Au lieu de s’asseoir, de discuter, de recompter les voix pour régler un contentieux électoral entre Laurent Gbagbo et Alassane Ouattara, la France de Nicolas Sarkozy, les États-Unis de Barack Obama, l’Union européenne et les Nations unies ont préféré imposer des sanctions, un embargo total, créer de toutes pièces une armée de va-nu-pieds et bombarder Abidjan.

Cette guerre a causé 16.000 morts, selon le rapport du président de la Commission Vérité et réconciliation, Charles Konan Banny, un document jamais rendu public, dont le chiffrage va bien au-delà des 3.000 morts officiellement annoncés. Les 29 et 30 mars 2011, la ville de Duékoué avait connu l’un des pires massacres de ce XXIe siècle, 816 morts en moins de 48 heures. Cette guerre ne devait-elle pas, pourtant, restaurer la paix et la démocratie en Côte d’Ivoire?
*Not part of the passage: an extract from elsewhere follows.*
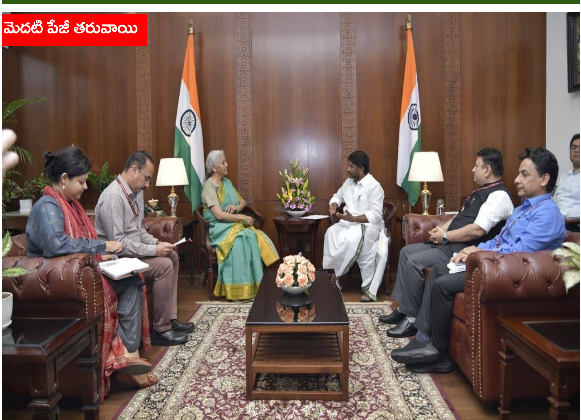
మెదటి పేజీ తరువాయి
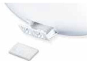
Utilisation possible avec les huiles essentielles (15 cousinets aroma inclus)

Selon les mots de Ban Ki-Moon, Secrétaire général de l’Onu de l’époque, Alassane Ouattara allait «œuvrer à une paix durable, à la stabilité et la réconciliation».

Dix années plus tard…

De 2010 à 2020, Alassane Ouattara a gouverné la Côte d’Ivoire, avec la bénédiction de tous ses partenaires internationaux, sans jamais faire un geste favorisant la réconciliation nationale. Les auteurs du crime de Duékoué n’ont pas été appréhendés, donc jugés, et la communauté internationale s’est tue.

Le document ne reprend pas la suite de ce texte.